Firefighters can be assigned to a fire for up to 14 days and in many cases up to 12-hour shifts. During their assignments firefighters face a multitude of challenges and hazards in the field. To be fully prepared for dangerous situations firefighters must be properly trained and equipped. Personal gear of firefighters must be designed for protection, comfort, physiological and psychological, fit, during a prolonged use. With the limited amount of personal gear firefighter can pack when deployed (generally only two sets of protective gear that can be packed), soiled clothing is used repeatedly before changing or cleaning. Soiling through smoke, ash, perspiration, and, in some cases, fire retardant that has been dropped from helicopters or airplanes can eventually cause clothing to lose shape creating a poor fit. Under certain conditions soiled clothing may cause chafing and bruising of the skin.

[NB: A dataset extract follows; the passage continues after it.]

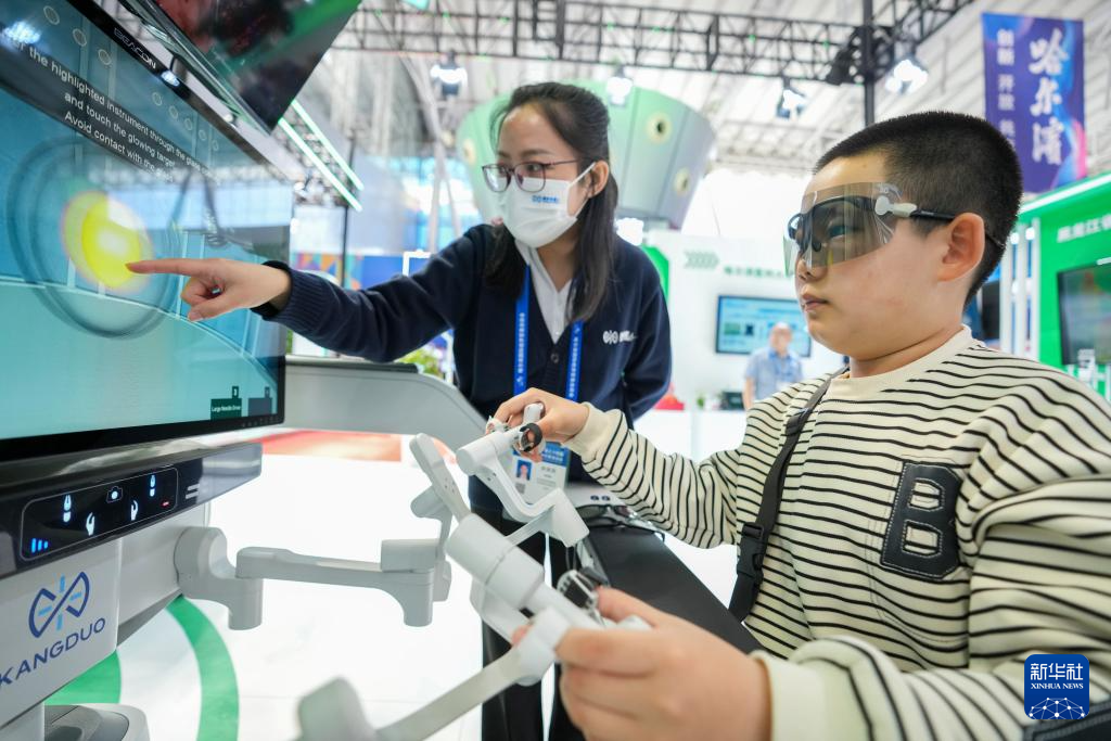 5月18日,在哈洽会数字经济展区,小朋友在体验操控一款医疗机器人进行“手术”。

The effectiveness of protective clothing is dependent on numerous factors, including textile properties, clothing design and appropriate fit. Further investigation of commercially available protective gear is needed to determine how current garments are meeting or not meeting the needs of firefighters. Issues relating to the interaction between the wearer, garment, equipment, and the environment have been raised. Traditionally, wildland firefighter clothing has been made from natural fibers, usually cotton, sometimes impregnated with flame retardants. Popular synthetic fibers such as polyester are deemed unacceptable because if they get too hot from exposure to fire, the material will melt and stick to the skin, aggravating burn injuries. Aramid fibers are considered superior to natural fibers because they absorb some of the heat upon melting when exposed to fire, lessening burns to the skin underneath.
Circumstances such as, when a firefighter is too hot due to poor thermal properties of a garment potentially leading to heat stress (Sharkey, 1999), or the garment design does not allow for ease of movement while performing the tasks of the job (Sharkey). The principal agency in Louisiana responsible for fighting wildland fires is the state Office of Forestry. Their firefighters natural fiber clothing is gradually being replaced by aramid fiber clothing as budgets permit. They require each firefighter to have at least five pairs of firefighting pants. However, the transition is not being met with complete enthusiasm. There have been cases of heat stroke while wearing Kevlar-impregnated Nomex pants because the material has no breathability (de Hoop, personal conversation 2012). Use of fabric suitable for hot weather is compounded by the fact that pants must be resistant to fraying from briars. Resistance to fraying is important because fraying reduces flammability resistance of the material  it produces more surface area to catch fire. The 6.5 oz. Nomex pants are often worn out in one day. The Kevlar-Nomex mix pants are needed to resist briars better, but they are more expensive, and, again, they have no breathability (de Hoop, personal conversation 2012).
Garment design factors must be balanced with cost effectiveness both in terms of monetary and human resources. Basic work in human factors related to protective clothing for wildland firefighters is required to develop the knowledge base. Once factors of issue for the firefighters have been identified through a needs assessment, materials and prototypes can be developed. Testing, design and redesign of protective clothing can then be undertaken to find the best possible solutions.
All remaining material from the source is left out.